Um cronista japónico do século 18, que permanece anónimo, pincelou sobre washi o seguinte relato, cujo valor permanece atual:

“Tokugawa Mitsusada [徳川光貞, 1627—1705], o Daimio de Kii e parente próximo de Tokugawa Ienobu [徳川家宣, 1662—1712], o sexto Xogum, tinha um filho que, apreciado com coração de pai, era enérgico e voluntarioso, determinado e vigoroso, corajoso e veemente. No entanto, avaliado com olhos de vassalo ou de ministro, era visto como turbulento e indomável, desordeiro e orgulhoso, dificilmente aceitando freio ou restrição e não acatando lei ou regulamento. No entanto, todos concordavam que tinha um excelente coração e uma boa cabeça. Este jovem, de seu nome Genroku-gimi, era um viciado na pesca. Sempre que era dominado pelo humor que o predispunha para a captura de animais escamados, arrebanhava os companheiros e, atravessando a fronteira do domínio de seu pai com a província de Ise, ia pilhar os lagos e lagoas do Venerável Santuário, o que era completa e estritamente proibido por preceito divino e lei humana. No entanto, sendo o jovem fidalgo tão grande Senhor e, para mais, parente próximo do Xogum, os sacerdotes e oficiais e guardas temiam e coibiam-se de apresentar queixa, mesmo que fundamentada e justa, e as autoridades de Ise assistiam impotentes ao abuso.
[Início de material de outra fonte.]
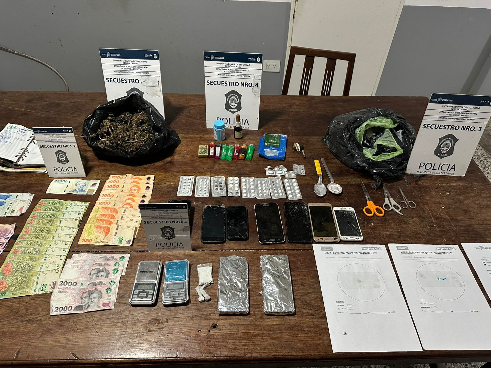 En el primer domicilio, donde reside una mujer de 30 años, los efectivos incautaron 336 gramos de marihuana, 0,3 gramos de cocaína, 0,8 gramos de paco, dos balanzas de precisión, dos teléfonos celulares y $45.200 en efectivo.

“Assim que Ōoka Tadasuke [大岡忠相, 1677—1752] foi, na sua juventude, nomeado magistrado em Yamada, e tomou conhecimento das ofensas frequentes e repetidas do jovem, convocou os seus oficiais e disse-lhes: ‘É proibido por lei que alguém atire linha ou lance rede dentro dos limites do Santuário. No futuro, tomai cuidado, e se virdes que alguém desrespeita a lei, mesmo que seja o próprio Xogum, apanhai-o e trazei-mo para eu o julgar. E nada temais, porque toda a responsabilidade recai unicamente sobre a minha cabeça.’

“E assim sucedeu um dia que os guardas, apanhando Genroku-gimi e os seus companheiros a pescar nos lençóis de água sagrados, os prenderam a todos e os levaram à presença de Ōoka. Este, olhando-os com ar severo, indagou: ‘Quem sois vós que desprezais as leis do Império?’

“Um dos camaradas de Genroku-gimi retorquiu insolentemente: ‘Ouve bem, ó senhor juiz! Os teus lacaios com o cérebro entorpecido não conseguem distinguir nobreza e posição e poder, mas tu saberás implorar desculpa e fazer reparações quando eu te disser que aquele em quem eles se atreveram a pôr as suas miseráveis mãos e manietar não é outro senão o filho do Honorável Senhor de Kii.’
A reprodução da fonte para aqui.